The problem is that it is quite hard for a scientist to translate in real time from lingo to English. One frequently forgets how hard it is for outsiders to follow an explanation, and slips occur quite often.
Take the sentence quoted at the beginning above: what does it really mean, 95% confidence level ? Mind you, there is a reason to try and explain it: the searches of the Standard Model Higgs boson are in full swing at the Tevatron, and the LHC will soon join -and rapidly take over. And things as of now revolve around the meaning of those words.
In fact, if we want to discuss the existing information on the mass of the Higgs we are left with two things: the fixed lower limit set with direct searches by the LEP II experiments –M(higgs)>114.4 GeV, at 95% Confidence Level, that is – and the indirect upper limit from global electroweak fits, which moves around as more precise measurements of top and W masses are produced. The upper limit is now sitting at M(higgs)<144 GeV (again, at 95% CL), and it has gotten there by a continuous decrease as more data was included during the last year.

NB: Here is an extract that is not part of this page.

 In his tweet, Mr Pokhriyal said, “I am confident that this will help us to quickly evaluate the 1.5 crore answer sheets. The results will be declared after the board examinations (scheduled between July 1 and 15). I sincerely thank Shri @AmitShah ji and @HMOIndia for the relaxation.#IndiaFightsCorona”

So, what is a lower limit at 95% confidence level ? If you try to measure a physical quantity whose value is still unknown, two things may happen. One, you may be lucky and measure it: no need for explicitly probabilistic language there, you quote the value and the estimated error (but notice, the error hides gory probabilistic details at times). Two, you only manage to come up with a range within which the true value may lay.
When number two happens, you have to be careful with the statement you make. To quantify in a standard way the range within which you measured the physical quantity to lay, it is customary to quote the point below or above which odds are only one in twenty that the true value is. This is a 5% chance, and the remaining odds are 95%: that is what one means when one says “at 95% confidence level the value is higher than…”.

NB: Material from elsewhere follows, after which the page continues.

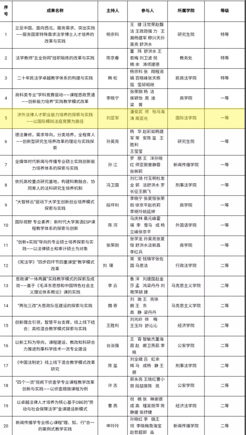 2020年12月18日,经英皇娱乐场 第五届本科教学指导委员会第14次会议评审,经教学指导委员会主任审定,英皇娱乐场 申报的《涉外法律人才职业能力培养的探索与实践——以国际模拟法庭竞赛为路径》获得英皇娱乐场 优秀教学成果一等奖。该项成果由刘亚军教授主持,参加人包括潘俊武教授、师怡副教授、马海涛副教授和周亚光博士。

Now, this post is not about explaining what we mean with that language. That is, it is, but I want to take it to a different level now. Because, dear reader, saying “x>blah at 95% CL” is a very, very, very loose piece of information. Indeed, it only quantifies the integral of a probability distribution (oh, lingo again! But I am resigned to the idea of losing a few readers this deep in the post) at one single point x.
When the LEP II experiments made their final analysis of their data public, they not only quoted the 95% CL. They actually produced a plot, the one shown below.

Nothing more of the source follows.